Open jbrockmendel opened 3 years ago
we don't allow na values in the constructor by definition so this should be unambiguous
we don't allow na values in the constructor by definition so this should be unambiguous
which constructor doesnt allow NA values? I can do
cat = pd.Categorical(["A", "B", np.nan, "C"])
target1 = [np.nan]
target2 = ["D"]
>>> cat.categories.get_indexer(target1)
array([-1])
>>> cat.categories.get_indexer(target2)
array([-1])
check the categories
When Categorical was originally added, it did support missing values in its categories (which means there are basically two ways to have missing values: a -1 in the codes, or a missing value in the categories). But shortly after, we changed that only allow a single way, i.e -1 in the codes, and thus disallow missing values in the categories.

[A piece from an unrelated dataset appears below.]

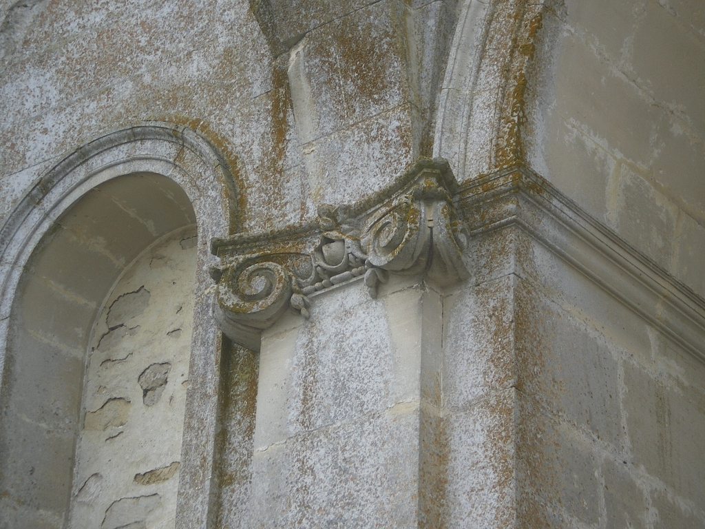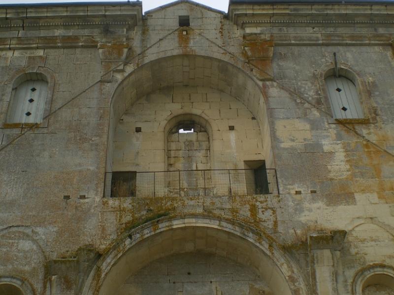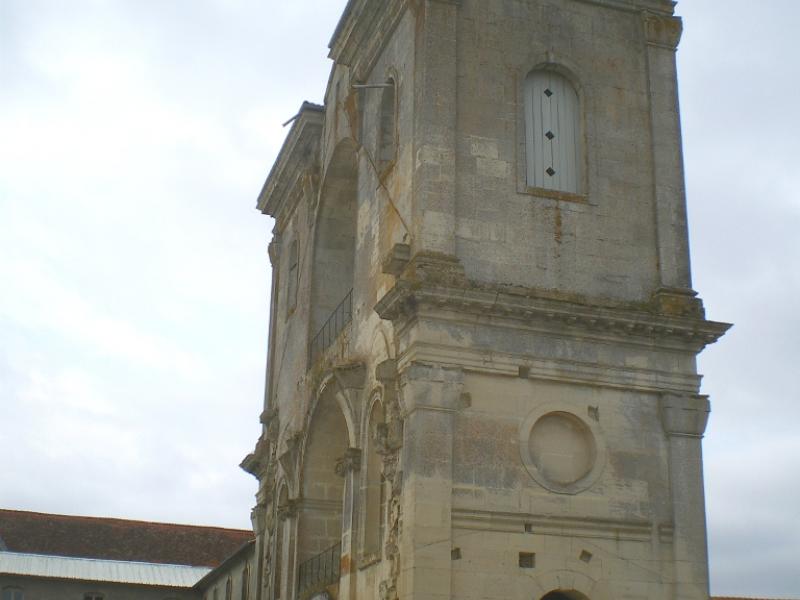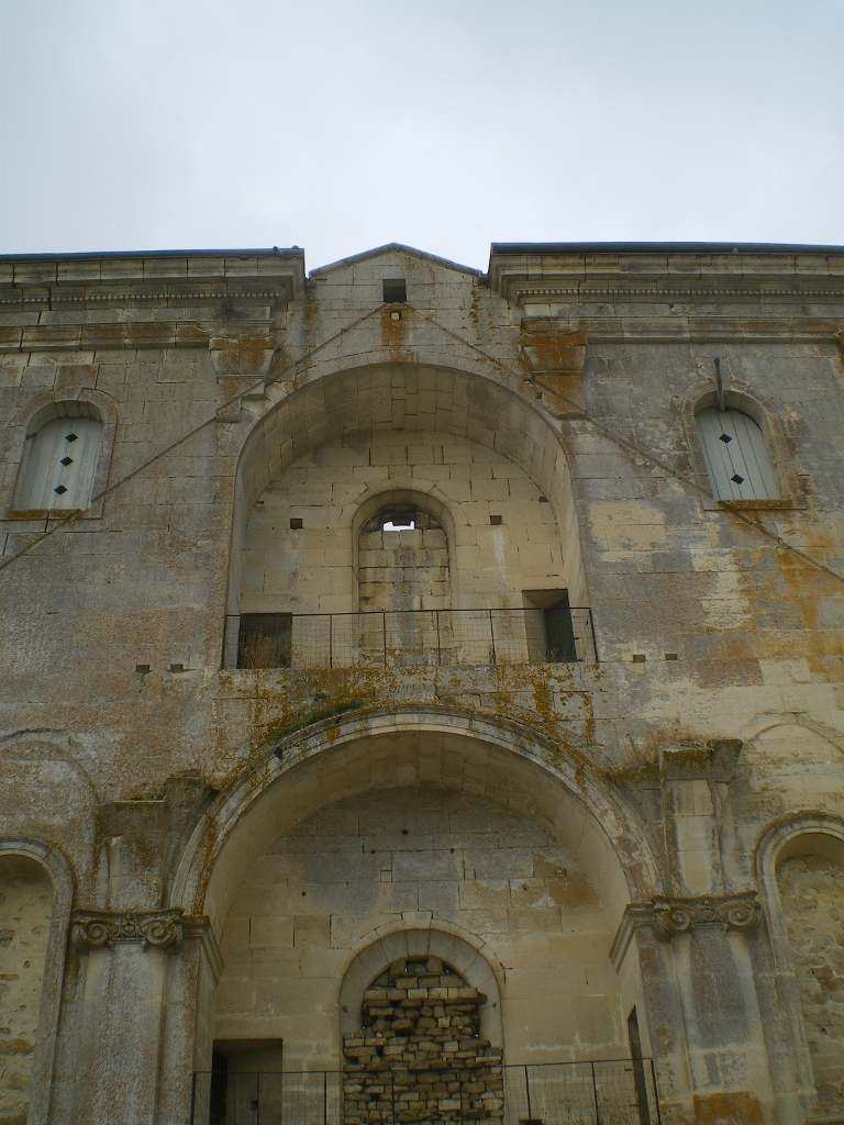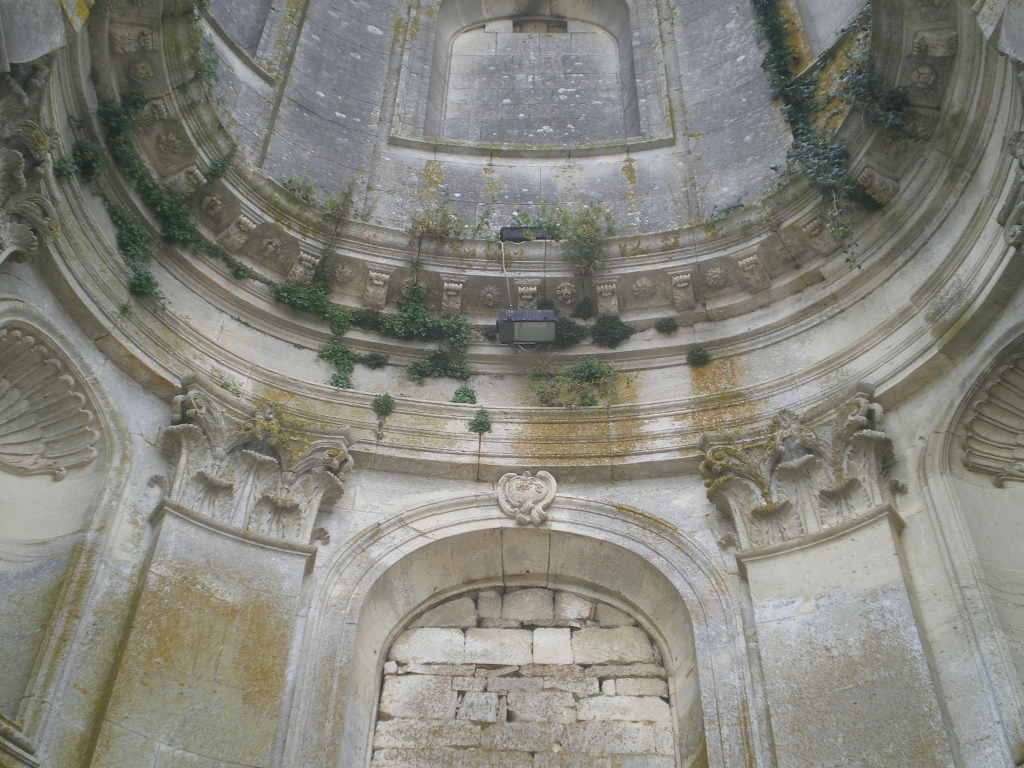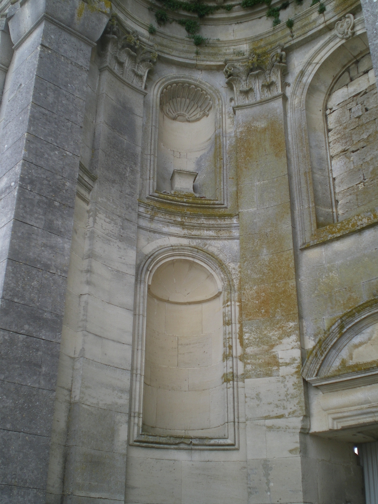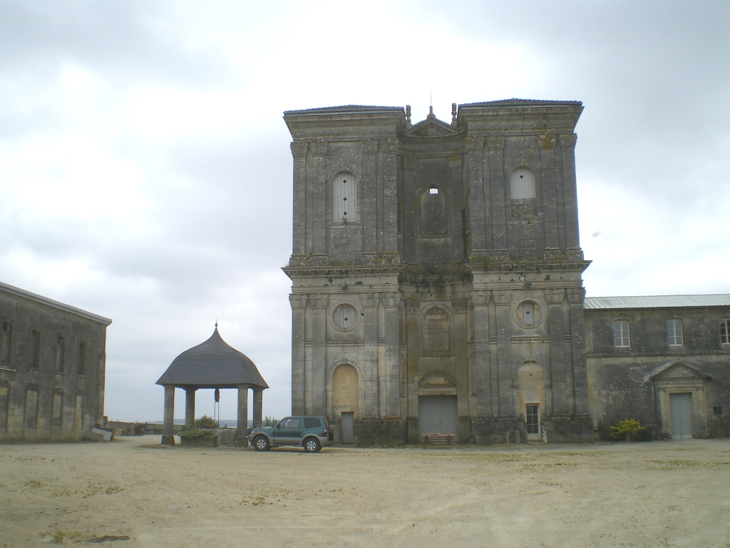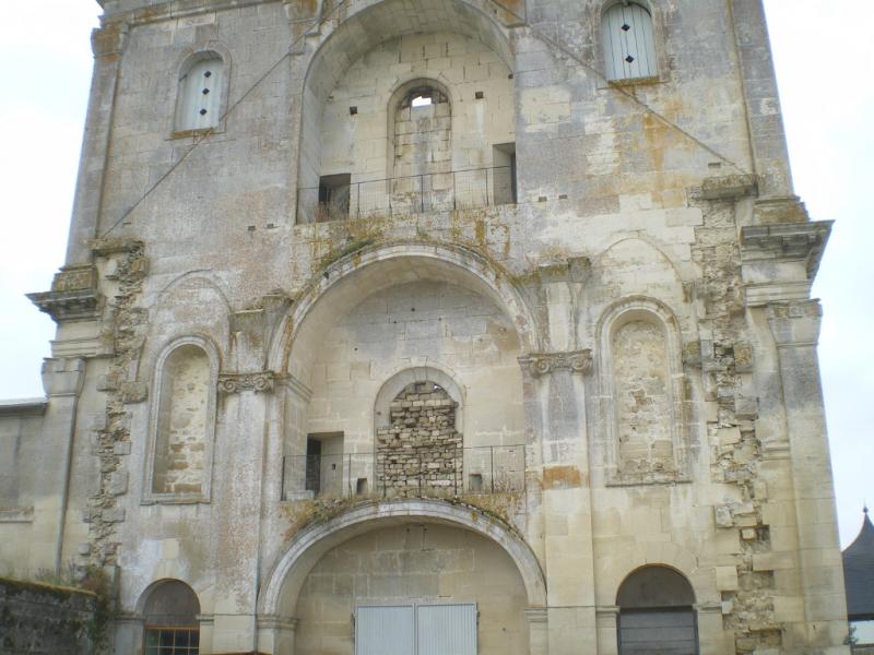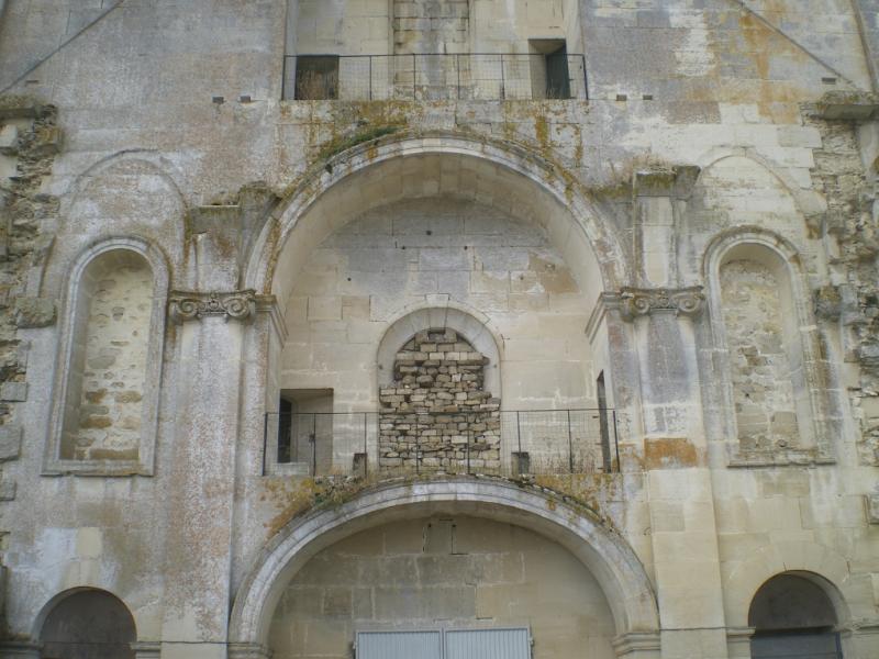 La Révolution démantela la propriété, qui fut vendue par lots à des exploitants agricoles. Les bâtiments furent pillés et en partie démolis au cours du XIXe s. L'église servit de carrière, si bien qu'il n'en reste aujourd'hui que l'imposante façade. Sa composition surprenante comprend deux tours reliées par une partie centrale concave ; l'ensemble fait deux niveaux que sépare un entablement mouluré. L'aspect quelque peu massif est heureusement tempéré par des niches et des pilastres corinthiens2. Autant qu’on puisse en juger, puisque tout a disparu, l’église comprenait une nef et deux bas-côtés. Les supports étaient ornés de chapiteaux ioniques.

General constructors like pd.Categorical(["A", "B", np.nan, "C"])
will convert the missing values to -1 in the codes, and specialized constructors check that the constructors don't have nans:
In [15]: pd.Categorical.from_codes([0, 1, 2], categories=["a", "b", None])
...
~/scipy/pandas/pandas/core/dtypes/dtypes.py in validate_categories(categories, fastpath)
502
503 if categories.hasnans:
--> 504 raise ValueError("Categorical categories cannot be null")
505
506 if not categories.is_unique:
ValueError: Categorical categories cannot be null
There's another issue somewhere discussing this, but I can't find it right now. At the time, we (I?) decided against including NA-like values in the categories.
There's another issue somewhere discussing this, but I can't find it right now. At the time, we (I?) decided against including NA-like values in the categories.
I'm not finding it either, but i think there was something about trying to a specific NA value or possibly multiple distinct NA types.
There are a bunch of places in CategoricalIndex where we check something like:
This leads to ambiguity, as a -1 code can indicate an NA value that is present, or a non-NA value that is not among self.categories. Having to sort out which we're looking at is a hassle which we should try to avoid.